Windsor Castle in 1658 source
St. George’s Chapel at Windsor
Probably the most famous addition was St.George’s Chapel, which ranks second only to Westminster Abbey in London as the premier burial place of British royalty. King Charles I lies there, and so does Henry VIII who was interred next to Jane Seymour, his third wife, and probably the only one he really loved.
By then, in the mid-16th century, another castle of formidable status was becoming a prestigious royal residence - Edinburgh Castle in Scotland. At the time, Edinburgh was first fortified, England and Scotland as such had not yet come into existence.
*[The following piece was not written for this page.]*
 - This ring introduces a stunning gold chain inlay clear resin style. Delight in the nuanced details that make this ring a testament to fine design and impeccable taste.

St George's Chapel at Windsor Castle, 1848 source
How Edinburgh got its Name
Both were a collection of small kingdoms and were constantly at war with each other. One of them, straddling what is now the border between northern England and southern Scotland was the Kingdom of Northumbria. In 617AD, it was King Edwin of Northumbria who fortified the castle which became known at first as “Edwin’s Burh” and so gave the city its name.
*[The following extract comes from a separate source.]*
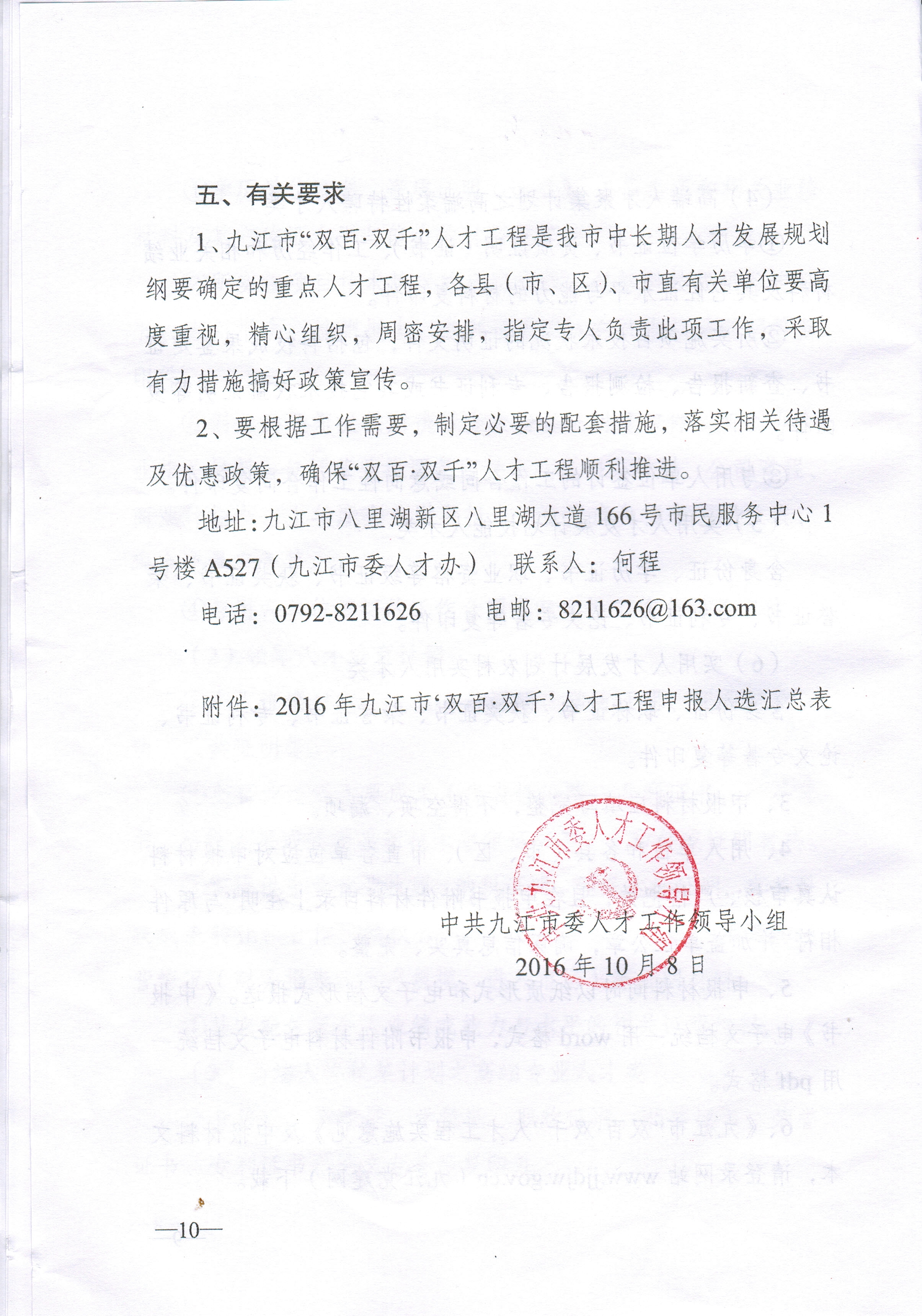 附件:九江市“双百双千”人才工程通知文件扫描件01.jpg九江市“双百双千”人才工程通知文件扫描件02.jpg九江市“双百双千”人才工程通知文件扫描件03.jpg九江市“双百双千”人才工程通知文件扫描件04.jpg九江市“双百双千”人才工程通知文件扫描件05.jpg九江市“双百双千”人才工程通知文件扫描件06.jpg九江市“双百双千”人才工程通知文件扫描件07.jpg九江市“双百双千”人才工程通知文件扫描件08.jpg九江市“双百双千”人才工程通知文件扫描件09.jpg九江市“双百双千”人才工程通知文件扫描件10.jpg中共九江市委人才工作领导小组《关于开展2016年九江市“双百•双千”人才工程申报推荐工作的通知》

Since Edwin’s reign, Edinburgh Castle has witnessed a great deal of dramatic history. Mary, Queen of Scots, is probably the most famous personality connected with it. In 1566, she gave birth to a son, who later united the two kingdoms as the first Stewart monarch, James I of England and VI of Scotland.
The Fearful Fate of King Edward II
Another King of England and a particularly unfortunate one, was born in another renowned British castle - Caernarvon in Wales. He was the second Edward. In later years, the second Edward proved to be a great disappointment. His rule was so disastrous that his nobles deposed him and in 1327, brutally murdered him in Berkeley Castle in Gloucestershire.
Nevertheless, the tradition started by his father continued, although the ceremony of presenting the Prince of Wales to the Welsh people at Caernarvon has been repeated only twice since 1284.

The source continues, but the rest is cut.